Now more than ever, businesses are prioritizing the importance of protecting the health and safety of employees, customers and the community. Make your business accessible and welcoming to all. The P.E.I. Smoke-free Places Act prohibits smoking and vaping in workplaces and public places with no identified outdoor designated smoking area, and signage is required. Remove cigarette butt containers where smoking is prohibited. Protect staff and customers from second-hand smoke drifting inside at entrances and drive-thru windows, waiting in lineups, parking areas, onto restaurant patios and outdoor events. Canadian courts have ruled employers and service providers must enforce smoking policies for compliance, and cannot rely on complaints.

Second-hand smoke is a top preventable cause of chronic disease and premature death among non-smokers (85 per cent of Islanders). Smoking, vaping and exposure to second-hand smoke are risk factors for more severe COVID-19 symptoms, and also impact health conditions like heart disease, respiratory illnesses and weakened immune system. Those at high-risk to virus exposure and survivors of COVID-19 with lung damage need to avoid exposure to second-hand smoke.

Accessibility is a human right. Employers and service providers must ensure that workplaces and services are fully accessible by eliminating barriers for people with disabilities, that are not always visible or apparent. Second-hand smoke is a barrier for safe access for many vulnerable Islanders.
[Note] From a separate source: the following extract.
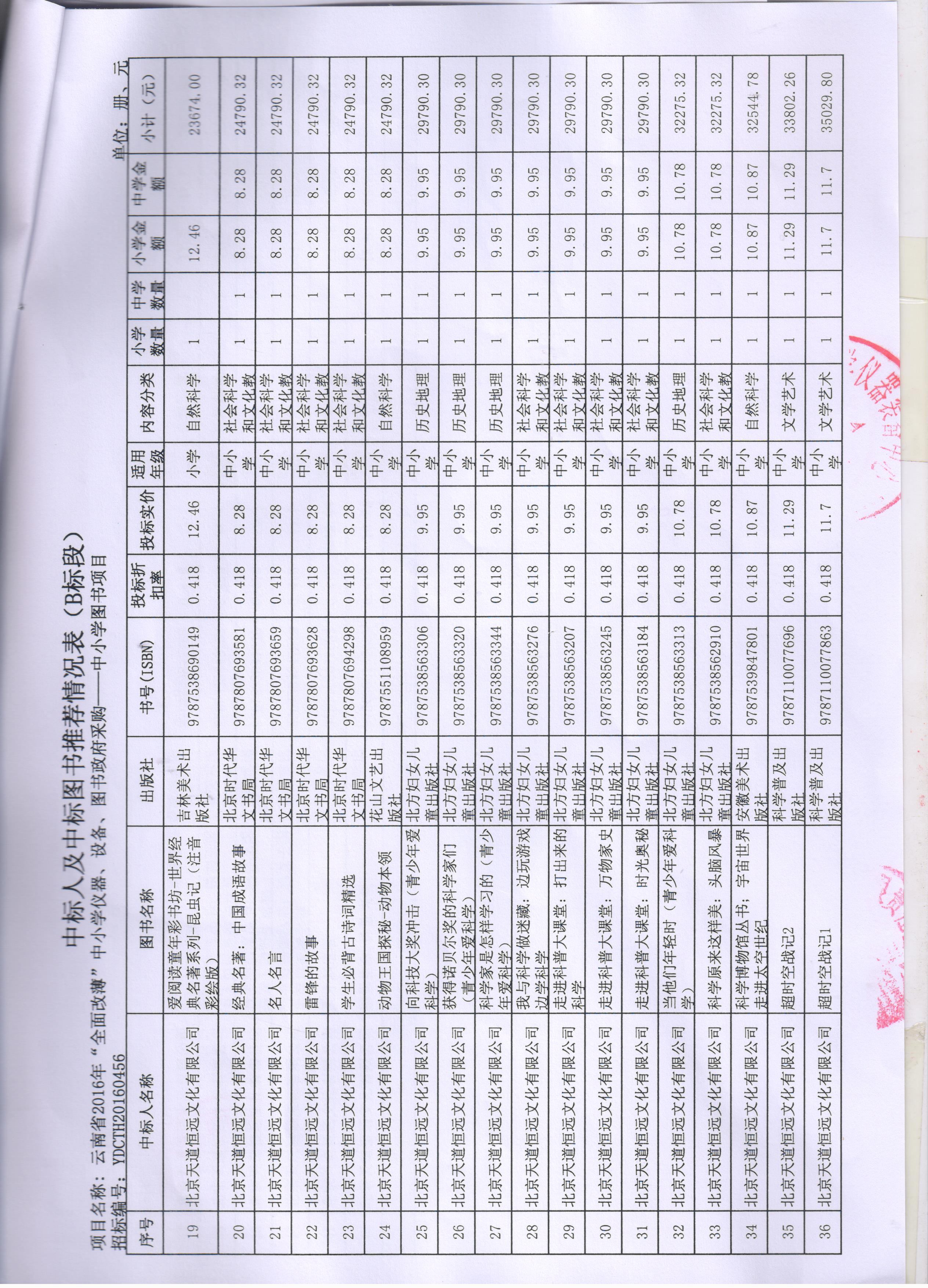 項(xiàng)目名稱:云南省2016年“全面改薄”中小學(xué)儀器、設(shè)備、圖書(shū)政府采購(gòu)--中小學(xué)圖書(shū)項(xiàng)目

The P.E.I. Human Rights Act prohibits discrimination against Islanders and visitors with a disability (including a previous or existing medical condition affected by second-hand smoke) trying to access services and facilities available to the public, and renting a campsite or apartment. This act is deemed to prevail over all other laws of this province and such laws shall be read as being subject to the act.

There is no right to smoke and harm the health of others in Canadian law. Children have the right to be raised in a smoke-free environment. Easier access to smoking cessation programs benefit smokers trying to quit. Smoke-free public places protect health and reduce the risk of fire from tossed cigarette butts.